Abstract:
The text of the Bible projects for its readers a Biblical-textual world. Christians live within the seminal, normative contours of this symbolic Biblical world. In this regard, a Ricoeurian hermeneutics presents a helpful apparatus to the reader of the Biblical text. In his hermeneutical studies, Ricoeur organises his considerations around four poles that operate as guidelines for this study – distanciation, objectification, projecting of a world and appropriation. In this thesis each of these considerations is applied to Proverbs 10:1–15:33 to facilitate an exploration of the symbolic-textual world projected for the reader in this literature.
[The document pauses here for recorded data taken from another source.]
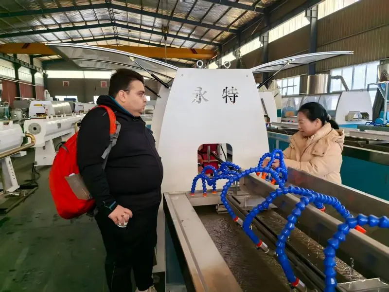 Ние също така демонстрирахме сценариите за приложение на гумени тръби за напояване, произведени от нашите работещи машини на място. Клиентът сравни мостри от нашите продукти с тези, налични на индийския пазар, и идентифицира няколко ключови предимства на нашите продукти, включително отлична гъвкавост, превъзходна издръжливост, равномерно разпределение на водата и ефективност при пестене на вода.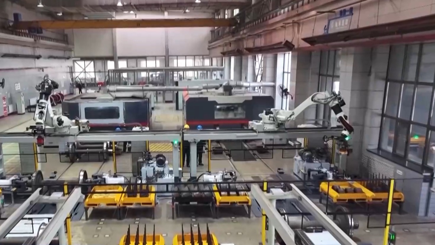 总台记者 其勒格尔:走进国家能源集团铁路装备公司包头分公司检修车间,一辆辆庞然大物被分解成各个部件,等待着检修工人的细致检查。我现在所在的位置是转向架检修流水线,这里主要负责转向架的分解、检修、检测和组装。机械臂将一个枕簧进行抓取、旋转、放置等一系列操作,确保合格的枕簧被准确地选配。以前最少需要2个人配合,一天搬运超过18吨的枕簧才能完成的工作,如今只需一台机器人即可,省时省力又安全。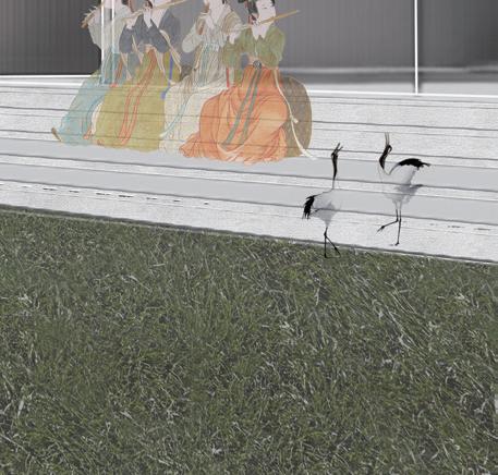 The sequence of the layout from left to right (west to east) is from private to public to private. Meditation area, the most private and quite space, is set away from the river and noisy space. Surrounded by the nature, the meditation area has two topics, transparency and blurry. The first floor is surrounded by the transparent windows, which help to bring the outside nature into the interior space. The next floor is surrounded by frosted glass, presenting the surrounding scenery to visitors with a hazy feeling, like an oil painting, like a dream.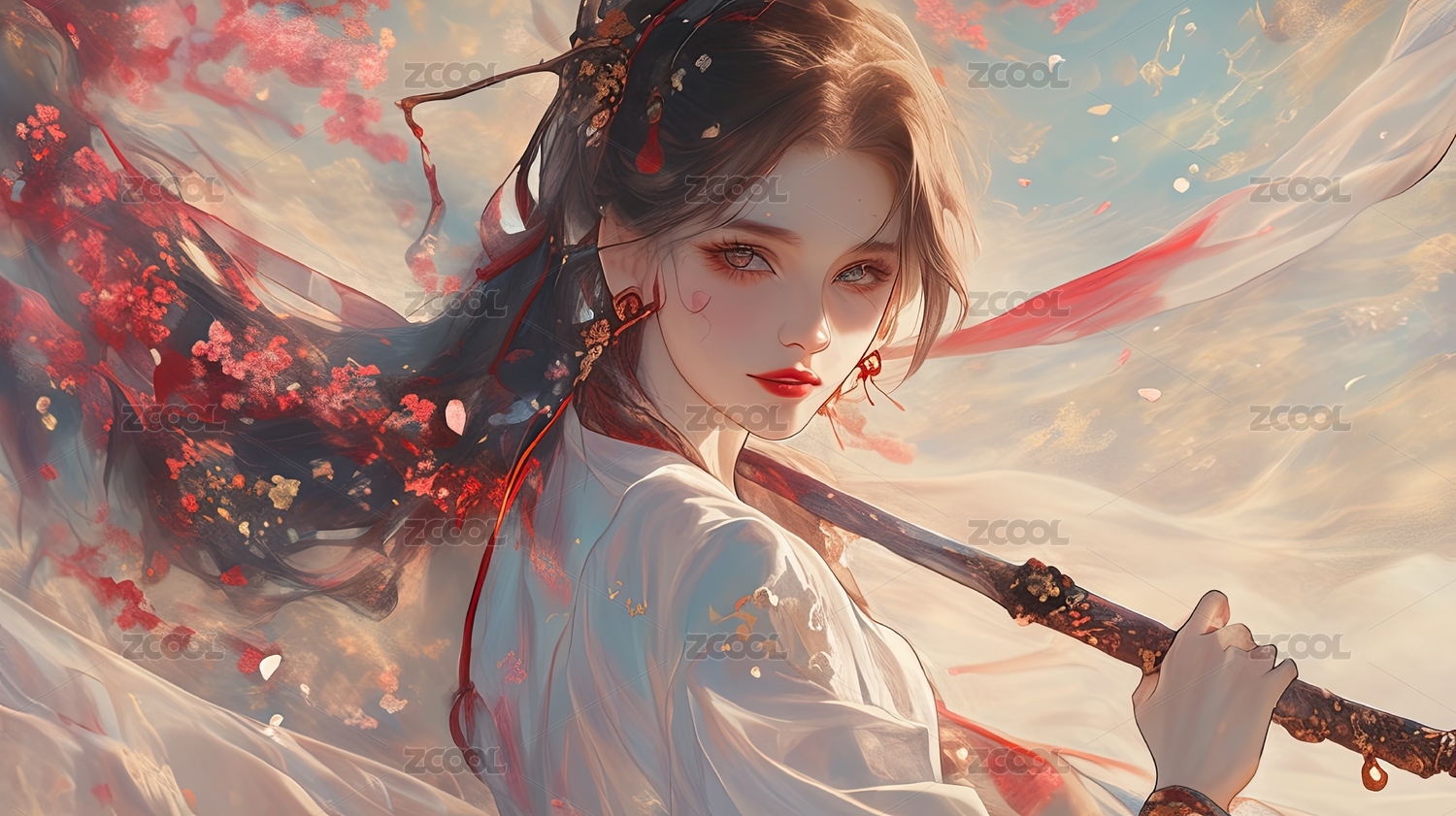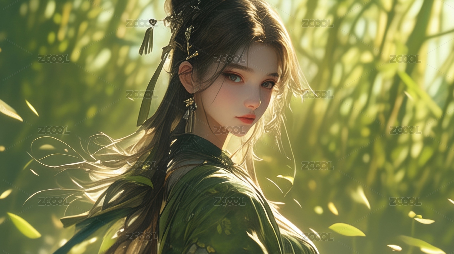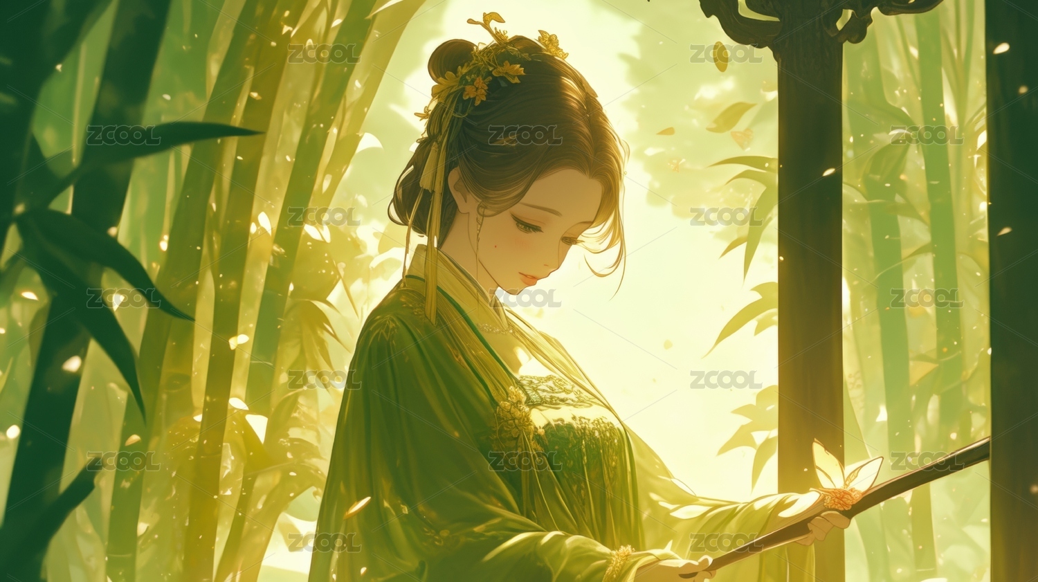 中国风,国潮风,3D,美女,古代,插画,卡通

It is the thesis of the study that the proposed reading strategy is, in terms of the threefold movement within postmodern thought – the movements beyond foundations, beyond totalities and towards the Other – a most productive effort. When this reading strategy is utilised for Proverbs 10:1–15:33, with specific reference to the fear of the Lord, the concept of the fear of the Lord is found to have a functional definition within this collection rather than an ontological or theoretical one. With this approach, the fear of Yahweh-proverbs in Proverbs 10:1–15:33 are understood not to be dogmatised, absolute, universal truths but finds, in line with the movement beyond totalities, its authority in the context within which it is applied. Instead of communicating propositional content, which is in line with the movement beyond foundations within postmodern thought, by their power to disclose a symbolic world, it confronts the reader with the Other, in line with the movement toward the Other, and consequently opens up new modes of being, orienting the reader’s practical actions.